Document Type : Full article

Authors

1 College of Applied Mechanical Engineering, Trstenik, Serbia

2 Faculty of Technical Sciences, University of Kosovska Mitrovica, Kosovska Mitrovica, Serbia

3 Scientific Institution Institute of Chemistry, Technology and Metallurgy, Department of Ecology and Techoeconomic, Belgrade, Serbia

4 Vinca Institute of Nuclear Sciences, Department of Materials Science, Belgrade, Serbia

5 Faculty of Engineering University of Kragujevac Kragujevac, Serbia

Abstract

This paper describes a laboratory method for treatment of used engine oil FENIX SUPERIOR SAE 15W-40 with intention to decrease of sulfur and selected metal content at acceptable level. FENIX SUPERIOR SAE 15W-40, produced by manufacturer Joint Stock Company FAM Krusevac, is used for lubrication of the most modern four-stroke diesel and gas engines of passenger and commercial vehicles, engine construction, mining and agricultural machinery, as well as stationary power aggregates including highly overloaded engines working in harsh environmental conditions.
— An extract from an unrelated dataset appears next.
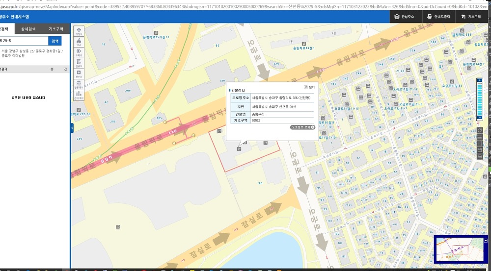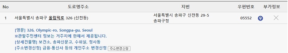 예시로 송파구청의 옛 주소인 신천동 29-5를 검색해 보았더니, 두 개의 결과가 나오는군요. 대구에도 신천동이 있었군요. 아무튼 송파구청은 신천동 29-5라는 옛날 주소에서 새 주소인 올림픽로 326으로 나오고 우편번호 5자리 05552도 나오는군요.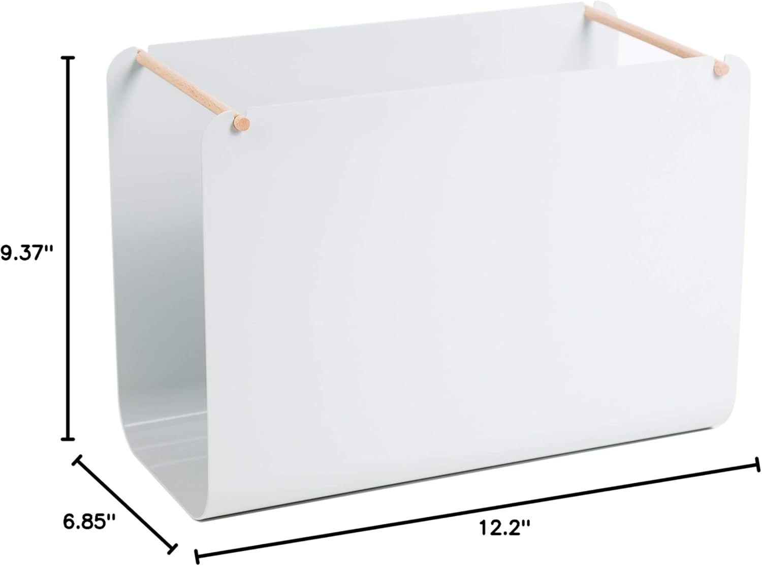 - Bent metal hanging file organizer measures 9.37" H, 12.2" W, 6.85" D

Exhausted oil samples was obtained from the three sources: diesel and gas engines of passenger cars and agricultural machines – tractors were treated according to novel two step technology. In first step physical operations such as centrifugation, filtration and separation was applied in order to remove mechanical impurities (sludge), condensed material and water. In the second step chemical oxidation, using three agents: hydrogen peroxide, sodium hypochlorite, and potassium persulfate was applied to achieve removal of the sulfur containing compounds. Based on obtained results at laboratory level, a technology at semi-industrial level for the treatment of waste oil was proposed. New ecologically friendly technology developed for treatment of waste oil offer appropriate advantages in comparison to commercially available technologies.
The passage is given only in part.